By: Dorothy Giobbe Children's marketer offers advice to newspapers sp.
CONTRARY TO COMMON assumptions about the young reader market, children and teens are avid consumers and newspapers that make concentrated efforts to reach them will benefit from their buying power and influence in household purchasing decisions.
That's the message delivered by Carol Green Long, president of Children's Creative Marketing in North York, Ontario, Canada, at the recent International Newspaper Marketing Association conference in Phoenix.
Long defined the children's audience as 4 to 12 years of age and the teen audience as 12 to 19.
In Canada and the United States, the average weekly income for girls in the children's group is $7.66, and $8.87 for boys. In other countries, boys and girls in this group have an average weekly income of $3.00.
Also here and in Canada, this group influenced household purchases an average of $161 billion, Long said.
She added that because the birth rate has been rising for the past few years, the size of this group will not decline for another ten years or so.
"These children are savvy, they're sophisticated, they're aware, they're idealistic, they like to belong . . . they are your current and your future readers and customers . . . ." Long said.
"You cannot sell only to their parents as the gate-keepers for the children," she added.
"It's the kids who make purchasing decisions, and they make them differently from the adults."
While this group is thought of as somewhat fickle because they are willing to try new products, "they will be loyal and supportive of a marketer, including a newspaper, that consistently delivers what they want," Long said.
In 1992 in the United States and Canada, the teen market spent an average of $62 per week, mostly on entertainment.
"This group lives at home and works part-time. Often they have an allowance," Long said.
They make many of the household purchasing decisions because often they have two working parents that are not around. "The group thinks no one asks them what they think, and if they do, they don't really listen," Long said.
Globally, this group is very similar to each other, she added.
In all cultures, they will try sex, try on new identities, and seek approval from their peers. They are computer-literate and better traveled than their parents.
Long repeated the commonly accepted notion that people who begin reading newspapers at a young age tend to continue to do so as they age.

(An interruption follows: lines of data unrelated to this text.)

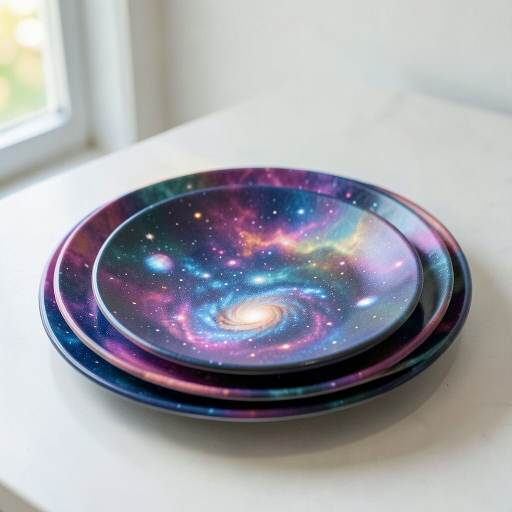 Go beyond the usual with plates that boast cosmic colors. Think deep blues, purples, and sparkling silvers that mimic the night sky.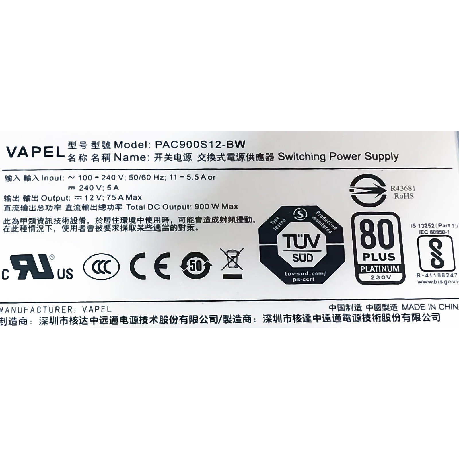 VAPEL PAC900S12-BW R43681, 900 w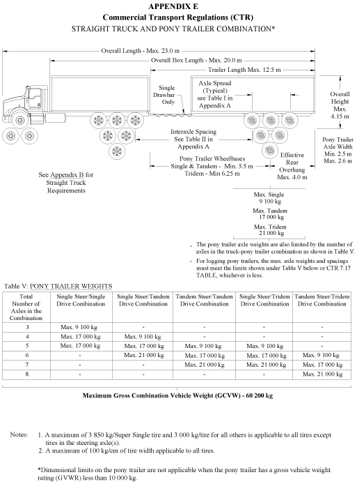 (e) except in the case of a tridem pole trailer, the gross weight on any two adjacent axles in a tridem axle group exceeds 17 000 kg,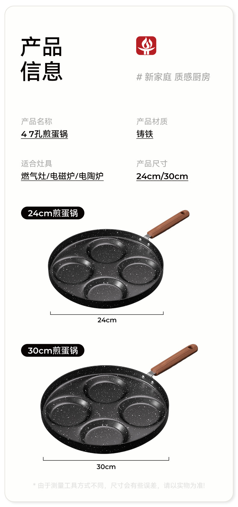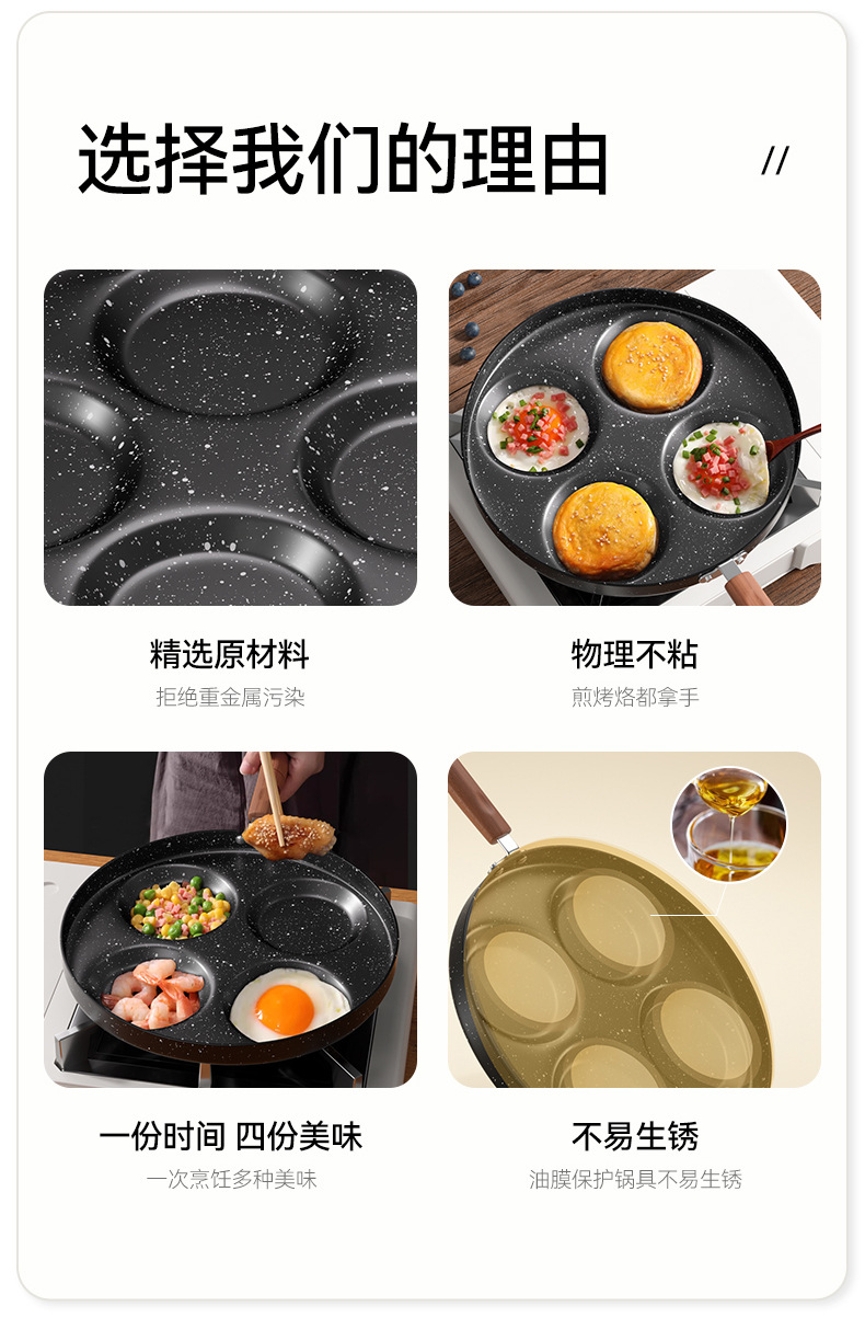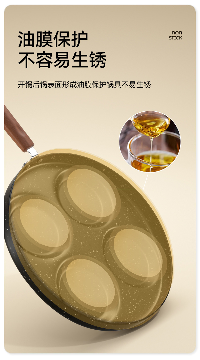 | 4孔煎蛋锅/升级木纹柄+木铲+硅胶刷+钢化盖 | USD $5.51 | 97 piece available |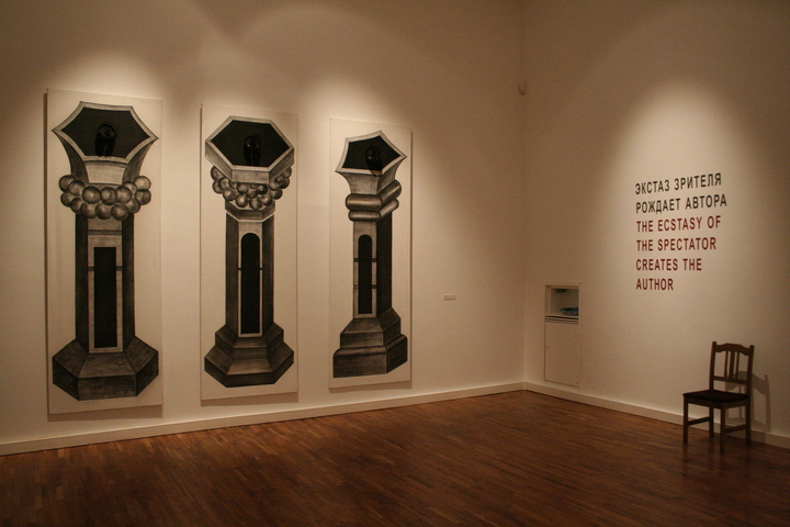 Vadim Zakharov’s creative position balances on the borderline between cultural tradition and the search for a new, contemporary language in art. In his works, one can recognize allusions to Dante, Cervantes, Shakespeare, Proust, Gogol, Rilke, Cezanne, Malevich, and many other representatives of high culture, as well as the Japanese and Chinese cultural traditions.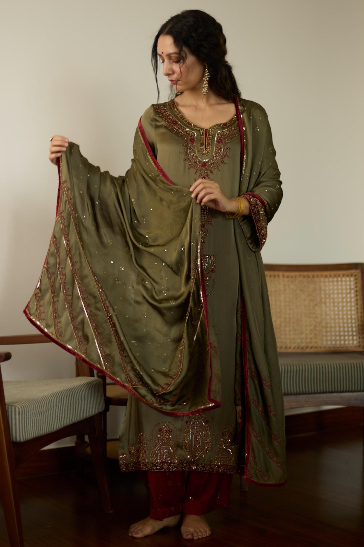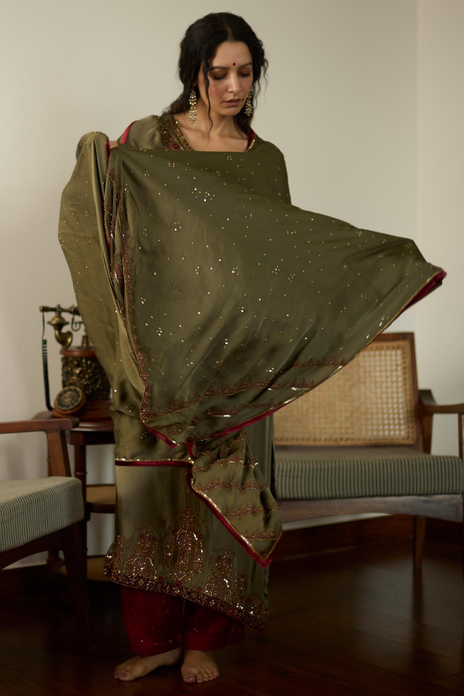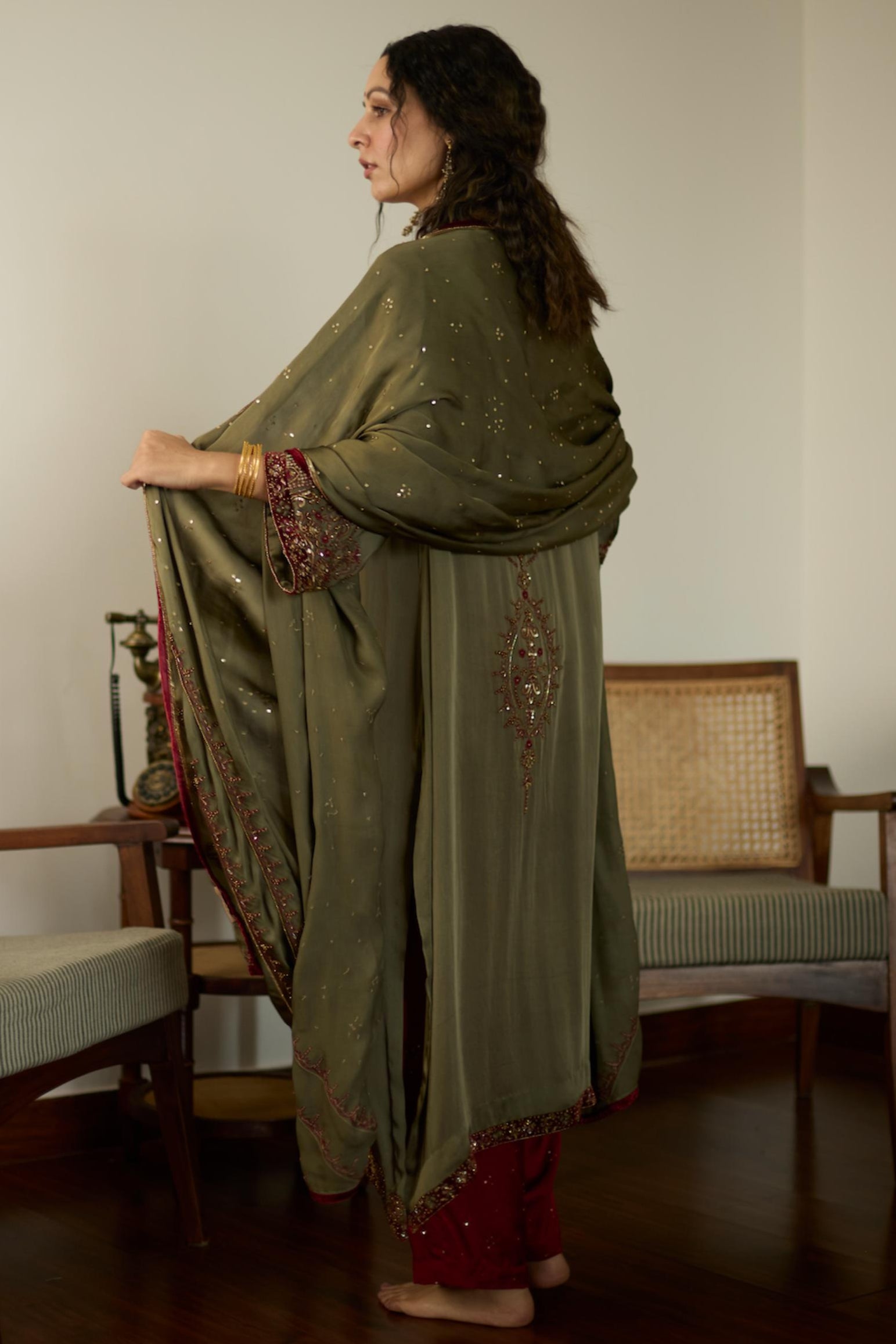 Fabric: Kurta- Satin georgette; pants- satin silk; dupatta- satin georgette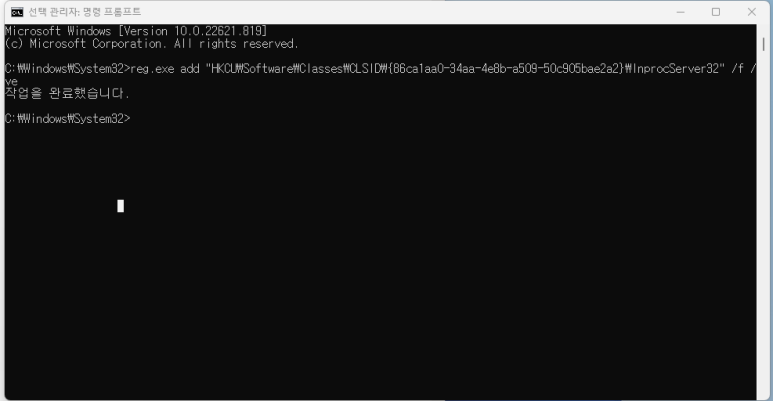 "작업을 완료했습니다" 라고 출력되면 성공된 것 입니다.
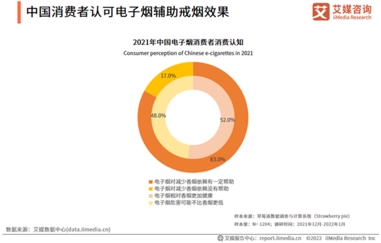 调研数据显示,中国电子烟消费者中83.0%认为电子烟对减少香烟依赖有一定帮助。52.0%消费者认为电子烟相对香烟更加健康。艾媒咨询分析师认为,消费者对于电子烟在替代香烟或减少香烟依赖方面有较为统一的认识,大部分人认可其积极效果,但在电子烟的危害性上还存在着较大的分歧,近半数消费者认为其危害和香烟可能是一样或更高的,这与国内电子烟行业发展不规范有关,企业生产经营各环节的资质不齐,无法保障烟民体验和健康。随着国家标准发布和监管逐步加强,电子烟产品的标准和认知将实现统一。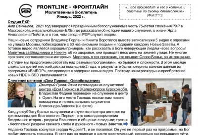 There is good news from the regions: - During the pandemic in one Siberian prison, the administration allowed the “outside” prison ministers to visit prisoners and distribute the magazine. Praise God!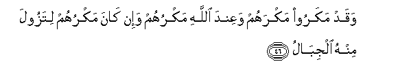 46. Waqad makaroo makrahum waAAinda Allahi makruhum wa-in kana makruhum litazoola minhu aljibalu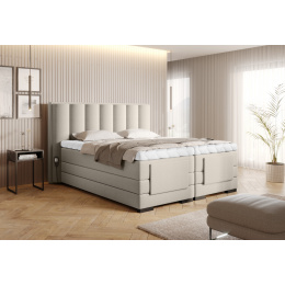 The Veros adjustable electric bed allows you to control the comfort of your rest in order to ensure a comfortable and serene sleep. It has a motorised, adjustable frame that allows the user to easily adjust the footrest and headrest parts. You do not even need to get up from the bed to change its position as the kit includes two remote controls. In the case of a single bed, one remote control is included. The Veros bed consists of as many as 2 main mattresses: bonnell and pocket, and a mattress topper. The main mattresses provide the utmost cosiness and comfort that a continental bed can provide. The mattress topper, in turn, perfectly protects the main mattresses against dirt or damage. The advantages of mattress toppers also include the fact that they provide additional softness and support during sleep, and extend the life of the main mattress. The mattress topper of the Veros continental bed is secured with a removable Silk cover that can be machine-washed. The Veros electric bed also looks fantastic and is a great addition to any bedroom. The upholstered back allows you to put this bed in the middle of the room, making it its centrepiece. The black colour of the legs is universal, easily fitting into many different bedroom layouts. Another advantage that allows you to choose the perfect Veros bed for your bedroom is the fact that they are available in as many as 4 sizes: 90/140/160/180 x 200 cm.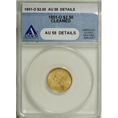 <B>1851-O $2 1/2 --Cleaned--ANACS. AU58 Details.</B></I> Fine hairlines are visible under magnification, yet this yellow-gold specimen retains a fair amount of luster. The design elements are well impressed, except for the typical softness in the eagle's right (left facing) leg. Prospective bidders should not be dissuaded by the ANACS disclaimer, as the cleaning is light and does not significantly detract from the coin's overall eye appeal. The 1851-O is quite rare in full Mint State.<BR><BR><B>Coin Engraver:</B> Christian Gobrecht<BR><BR><b>Shipping:</b> Coins & Currency (<a target="_blank" href="http://www.heritageauctions.com/common/shipping.php">view shipping information</a>)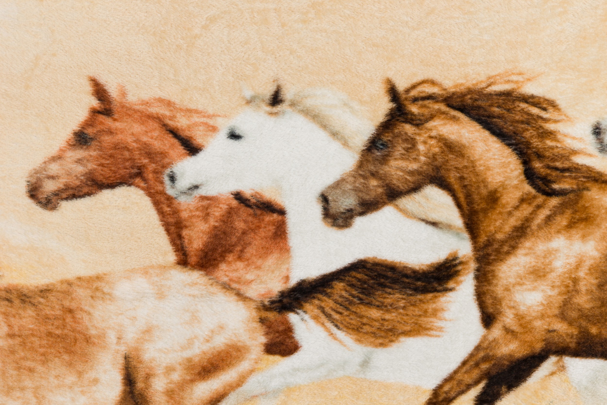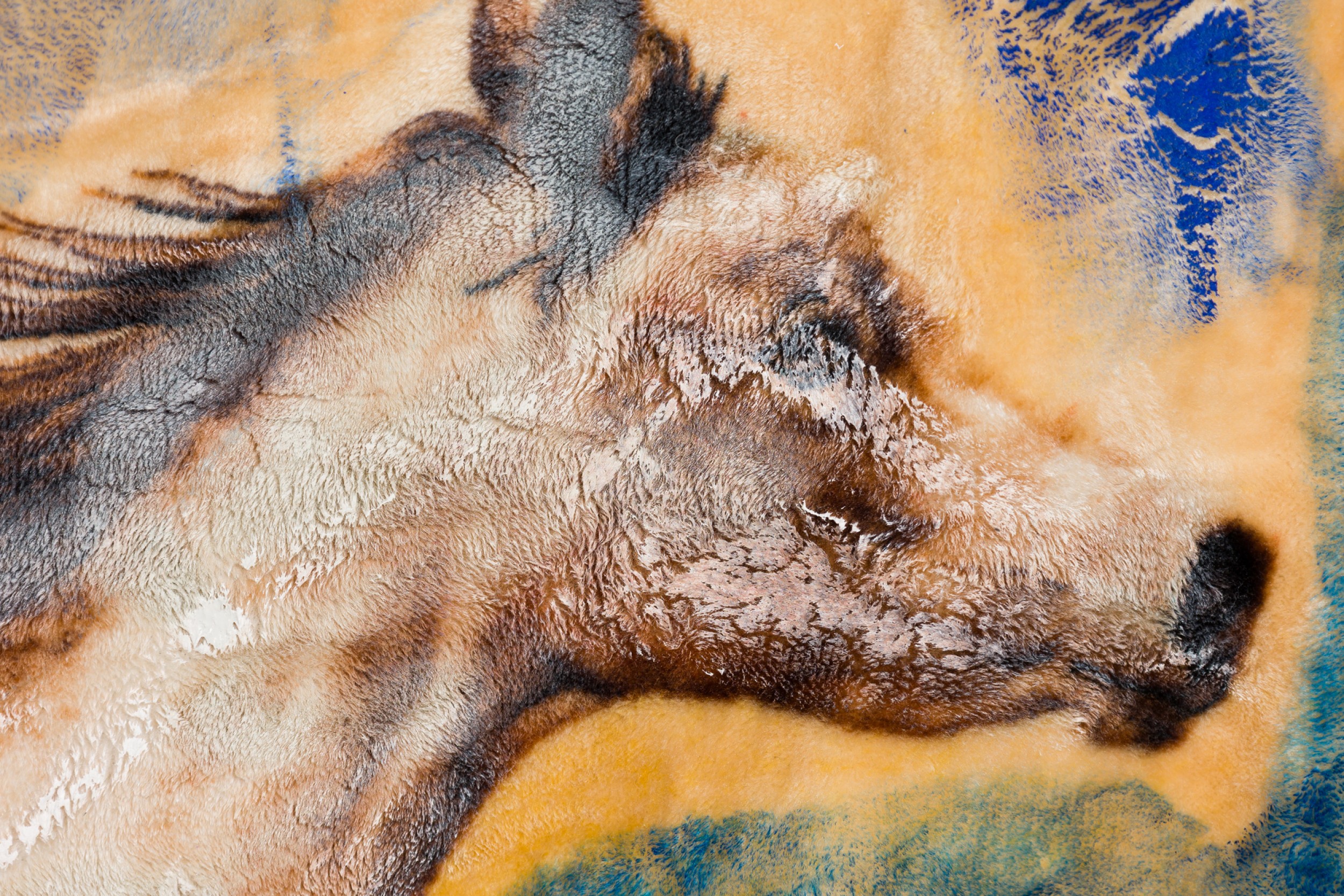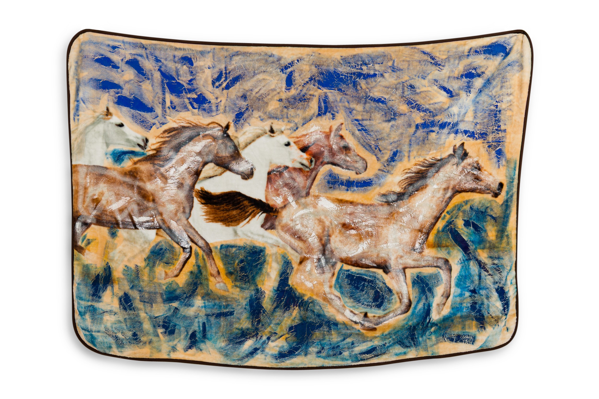 American Contemporary Readymade Artwork of a dye sublimented fleece horse blanket modified with blue and white acrylic paint and enamel (Signed Verso: GORDON HOLDEN).

"With few exceptions, younger readers think that newspapers are not fun, or interesting," she said.
While many younger readers prefer the comics and sports sections, very few say that their favorite section of the newspaper is the "kid's page."
The youth market is frustrated "because newspapers aren't providing what they want and newspapers are frustrated because they don't know what to provide," Long said.
Children's sections p.
INMA members sent Long samples of their youth market products and she reviewed the youth products with a group of target market experts.
The group judged the products according to certain parameters. Questions, she said, included: "Does the editorial cover the issues of the target audience? How do layout, color, graphics reflect their style, and how much reader interaction is there? Does the product handle advertising in a manner that is satisfactory to advertisers and the audience?"
The results from 29 entries indicated that all of the products fell into three distinct categories.
The first approach is a single page, black and white, similar in layout and graphics to the regular paper. It usually is produced once a week, and covers local news.
"We felt that these pages lacked an energy, didn't really answer what the audience needed or wanted and did not impart that commitment by the paper to that audience," Long said.
One exception in the category was the Boston Globe's Student News page, which had "good graphics and a lot of reader-supplied material," Long said.
The second category was composed of products with one or two pages with a mix of color and black and white, contemporary graphics, lots of illustrations, global news affecting kids, reader-written editorials and letters, and some interactive phone services.
Products in this category also provided a safety factor for kids, Long said.
In polls, when a newspaper publishes the names or addresses of kids, "you're leaving them open to . . . somebody contacting them that you don't want to contact them."
A good example in this category, Long said, is the Indianapolis Star-Tribune, which has two separate pages and one supplement, all covering different ages.
The products had good color, graphics and ads that are appropriate for the section.
The third category was a separate supplement.
"We liked this the best," Long said, "because usually, it indicated a commitment by the paper to the audience, through all the elements."
Products in this category included "lots of color, attractive graphs and layout, great interaction with contests, phone polls and letters, lots of parent/teacher involvement, a mix of advertorial and ads, 'Kid's Clubs' and product offers, and a synergy with the mother paper."
Newspapers contemplating a young reader section should follow the criteria in the third category, Long said.
She also suggested that the supplement include pictures of other kids of all ethnic backgrounds, with sensitivity to different age groups.
The supplement also should involve the parents and grandparents.
Newspaper should set up an advisory panel composed of a pediatrician, a psychologist and a teacher. They can help answer questions and letters to the editor and offer strategic guidance for young people.
"This is not a difficult audience to reach," Long said. Newspapers should develop products with consultants and avoid "thinking of what you did as a kid or a teen . . . . These kids and teens have changed too much."
National newspaper chains should consider a single youth product that each paper in the chain could customize to their own markets and offer to national advertisers.
National child and family advertisers like newspapers, Long said, but they are impeded by the lack of a national buy.